Daniel Kl Cheuk1, Alan Ks Chiang, Godfrey Cf Chan, Shau Yin Ha.   

Abstract

BACKGROUND: Tumor lysis syndrome (TLS) is a serious complication of malignancies and can result in renal failure or death. Preliminary reports suggest that urate oxidase is highly effective in reducing serum uric acid. It is uncertain whether high quality evidence exists to support its routine use in children with malignancies.
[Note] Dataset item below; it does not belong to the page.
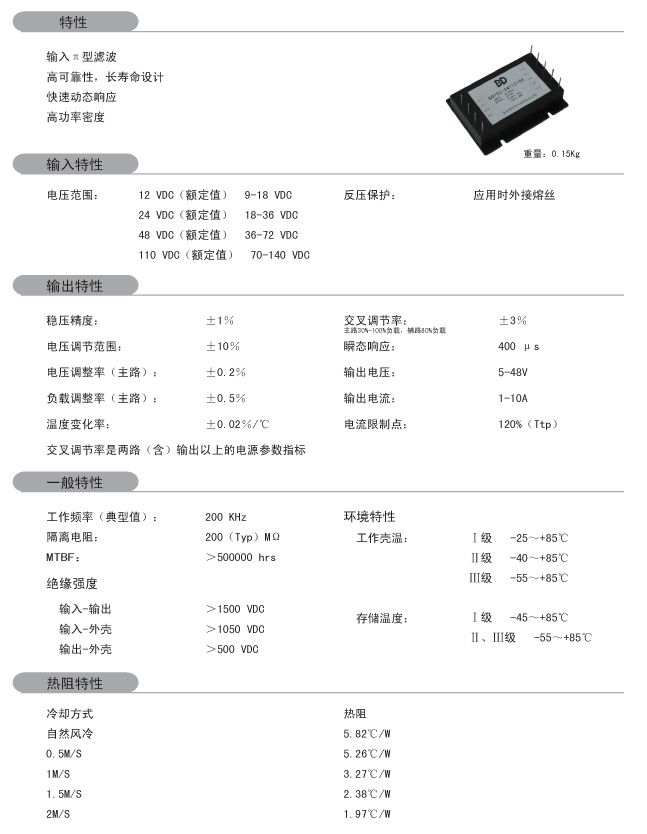 功率:30-100W 輸入電壓:9-18VDC 18-36VDC 36-72VDC 70-140VDC 200-400VDC 輸出路數(shù):單路 雙路 三路 外形尺寸:86*62*18.1mm 安裝方式:引針式

OBJECTIVES: We aimed to determine the effectiveness and safety of urate oxidase in the prevention and treatment of TLS in children with malignancies. SEARCH STRATEGY: We performed a comprehensive search of the Cochrane Central Register of Controlled Trials (CENTRAL) (The Cochrane Library issue 2, 2009), MEDLINE (1966 to 2009), EMBASE (1980 to 2009) and CINAHL (1982 to 2009). SELECTION CRITERIA: Randomized controlled trials (RCT) and controlled clinical trials (CCT) evaluating urate oxidase for the prevention or treatment of TLS in children under 18 years with any malignancy. DATA COLLECTION AND ANALYSIS: Two review authors independently extracted trial data and assessed individual trial quality. We used relative risk (RR) for binary data and mean difference (MD) for continuous data. MAIN
RESULTS: We included five trials, involved 336 patients in the treatment groups and 458 patients in the control groups. One RCT and three CCTs compared urate oxidase and allopurinol. Two trials tested Uricozyme and two tested rasburicase for the prevention of TLS. The RCT showed no significant difference in mortality or renal failure between the treatment and the control groups. The frequency of normalization of uric acid (RR 19.09, 95% CI 1.28 to 285.41) and area under curve of uric acid (MD -201, 95% CI to -258.05 to -143.95) were significantly better in the treatment group. One patient developed hemolysis. One CCT reported significantly lower mortality due to TLS (RR 0.05, 95% CI 0.00 to 0.89) and lower incidence of renal failure (RR 0.13, 95% CI 0.05 to 0.35) in the treatment group. Another CCT found significantly lower uric acid in the treatment group at 72 hours (MD -98.33, 95% CI -170.66 to -26) and 168 hours (MD -103.67, 95% CI -179.00 to -28.34). All included trials are highly susceptible to biases.Another included RCT with 30 patients compared different doses of rasburicase (0.2 mg/kg versus 0.15 mg/kg), which demonstrated similar efficacy in the reduction of uric acid. Adverse events occurred in 20% of patients, including hemolysis, hypersensitivity and anemia. AUTHORS'
CONCLUSIONS: Although urate oxidase might be effective in reducing serum uric acid, it is still unclear whether this translates into a reduction in mortality or renal failure. Clinicians should weigh the potential benefits of reducing uric acid and uncertain benefits of preventing renal failure or mortality from TLS against the potential risk of adverse effects.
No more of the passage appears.